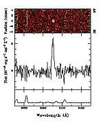 図 2 : ケック望遠鏡のESIによる LAE J1044-0123 のスペクトル。上は 世界時2002年3月13日。非常に細い輝線がはっきりととらえられており、その幅から、ライマンαであることがわかる。 |
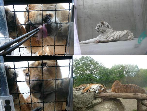 バスのサイドの足元から餌をあげるもので、最初は草食動物~そして、最後ライオンにお肉をあげるとゆうものでした。
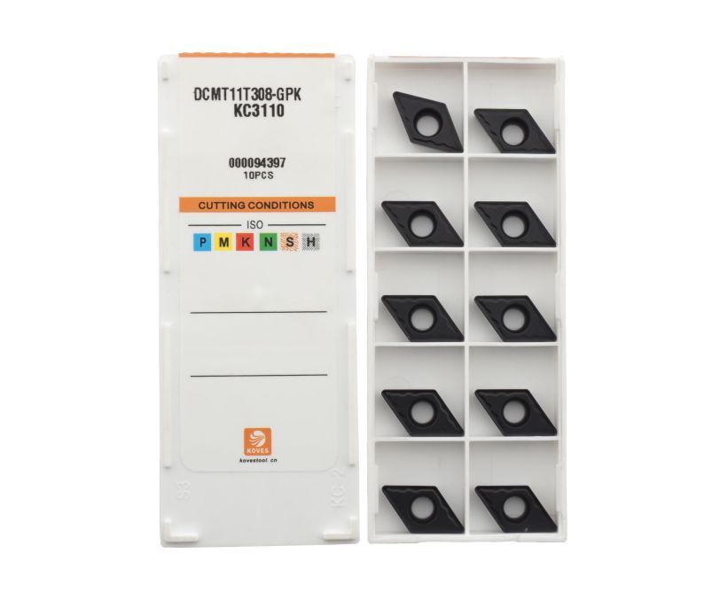 Твердосплавная сменная пластина DCMT11T308-GPK-KC3110 бренда Koves применяется для получистовой обработки заготовок из стали и чугуна.

* Task details *
Give back the full listing verbatim, skipping each picture.

* Written solution *
 図 2 : ケック望遠鏡のESIによる LAE J1044-0123 のスペクトル。上は 世界時2002年3月13日。非常に細い輝線がはっきりととらえられており、その幅から、ライマンαであることがわかる。 |
 バスのサイドの足元から餌をあげるもので、最初は草食動物~そして、最後ライオンにお肉をあげるとゆうものでした。
 Твердосплавная сменная пластина DCMT11T308-GPK-KC3110 бренда Koves применяется для получистовой обработки заготовок из стали и чугуна.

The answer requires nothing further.